═════ Data extract ═════

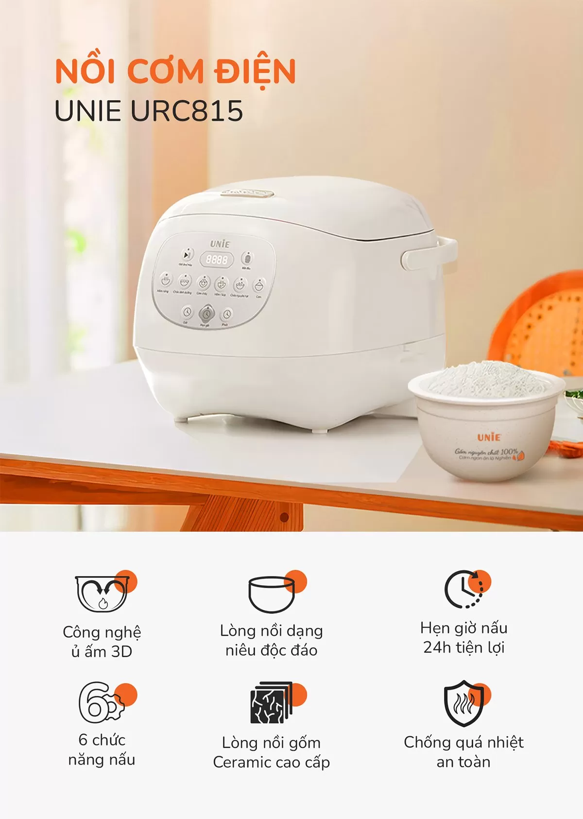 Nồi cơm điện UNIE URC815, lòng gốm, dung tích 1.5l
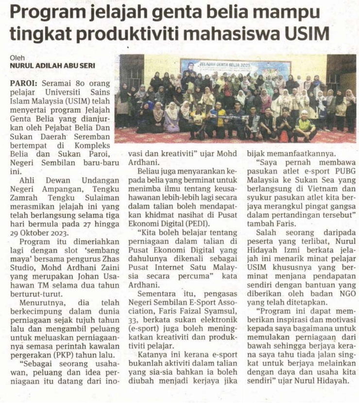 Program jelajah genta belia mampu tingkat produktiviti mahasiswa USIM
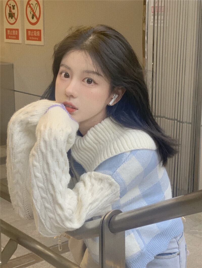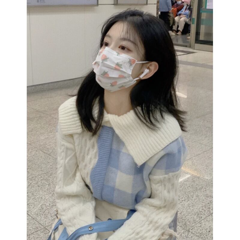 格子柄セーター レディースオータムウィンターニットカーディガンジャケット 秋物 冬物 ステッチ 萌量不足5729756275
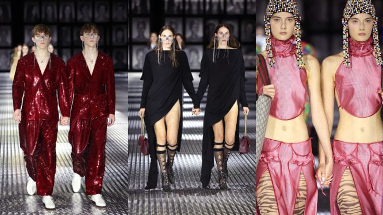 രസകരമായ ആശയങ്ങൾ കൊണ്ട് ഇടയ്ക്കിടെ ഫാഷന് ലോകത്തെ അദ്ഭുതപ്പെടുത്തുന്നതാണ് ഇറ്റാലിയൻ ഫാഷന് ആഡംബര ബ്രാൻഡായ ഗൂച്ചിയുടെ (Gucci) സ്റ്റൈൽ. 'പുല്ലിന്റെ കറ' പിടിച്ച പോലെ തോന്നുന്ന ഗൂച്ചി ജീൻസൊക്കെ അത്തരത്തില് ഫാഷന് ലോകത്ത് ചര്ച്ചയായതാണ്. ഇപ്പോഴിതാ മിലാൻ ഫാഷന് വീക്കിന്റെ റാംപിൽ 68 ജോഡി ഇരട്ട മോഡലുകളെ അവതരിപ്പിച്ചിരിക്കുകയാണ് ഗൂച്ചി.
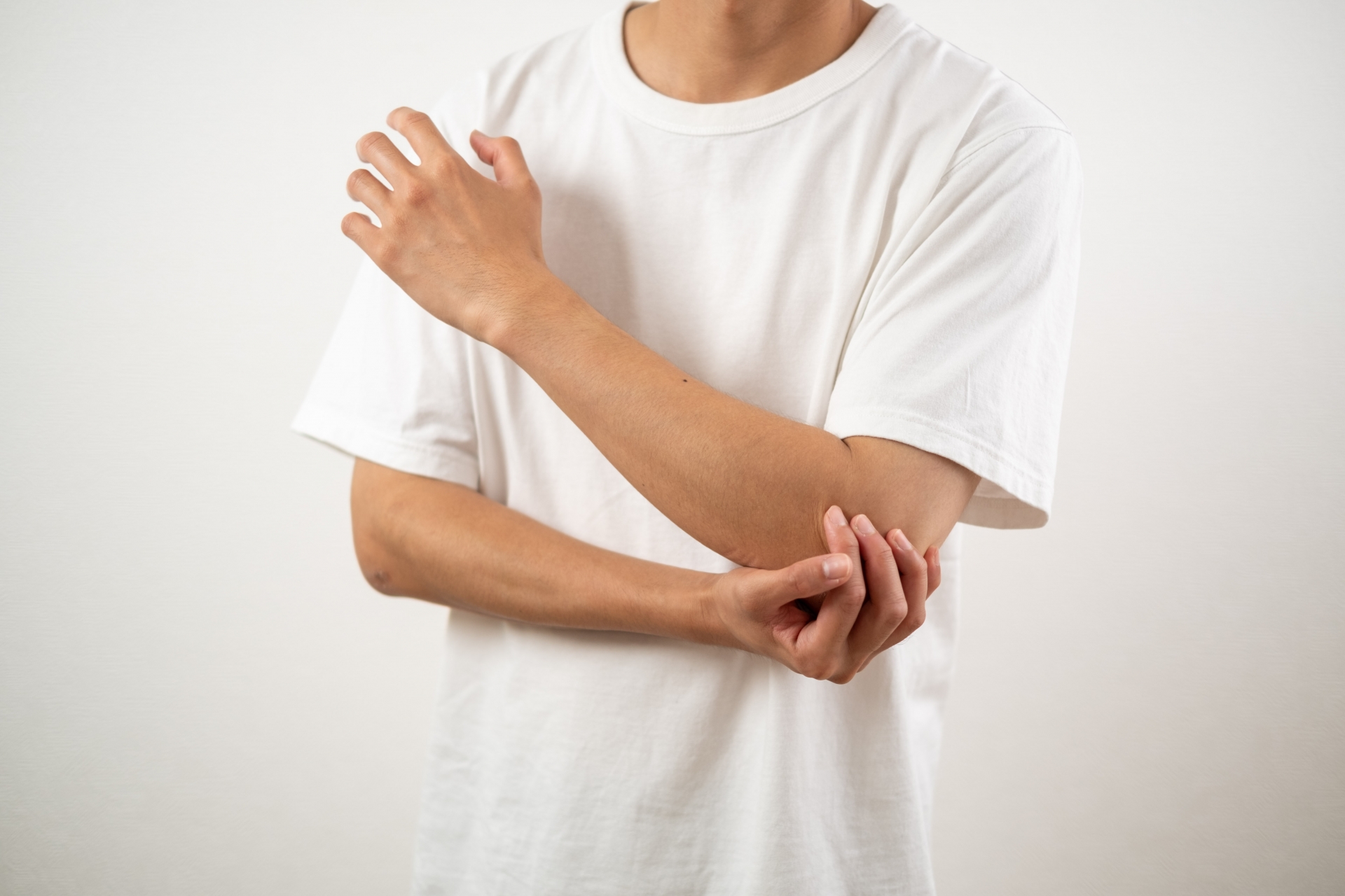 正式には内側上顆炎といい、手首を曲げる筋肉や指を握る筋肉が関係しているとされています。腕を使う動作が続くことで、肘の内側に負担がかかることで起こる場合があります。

═════

### Assignment
Output the records above exactly, omitting the pictures.

### Task output
 Nồi cơm điện UNIE URC815, lòng gốm, dung tích 1.5l
 Program jelajah genta belia mampu tingkat produktiviti mahasiswa USIM
 格子柄セーター レディースオータムウィンターニットカーディガンジャケット 秋物 冬物 ステッチ 萌量不足5729756275
 രസകരമായ ആശയങ്ങൾ കൊണ്ട് ഇടയ്ക്കിടെ ഫാഷന് ലോകത്തെ അദ്ഭുതപ്പെടുത്തുന്നതാണ് ഇറ്റാലിയൻ ഫാഷന് ആഡംബര ബ്രാൻഡായ ഗൂച്ചിയുടെ (Gucci) സ്റ്റൈൽ. 'പുല്ലിന്റെ കറ' പിടിച്ച പോലെ തോന്നുന്ന ഗൂച്ചി ജീൻസൊക്കെ അത്തരത്തില് ഫാഷന് ലോകത്ത് ചര്ച്ചയായതാണ്. ഇപ്പോഴിതാ മിലാൻ ഫാഷന് വീക്കിന്റെ റാംപിൽ 68 ജോഡി ഇരട്ട മോഡലുകളെ അവതരിപ്പിച്ചിരിക്കുകയാണ് ഗൂച്ചി.
 正式には内側上顆炎といい、手首を曲げる筋肉や指を握る筋肉が関係しているとされています。腕を使う動作が続くことで、肘の内側に負担がかかることで起こる場合があります。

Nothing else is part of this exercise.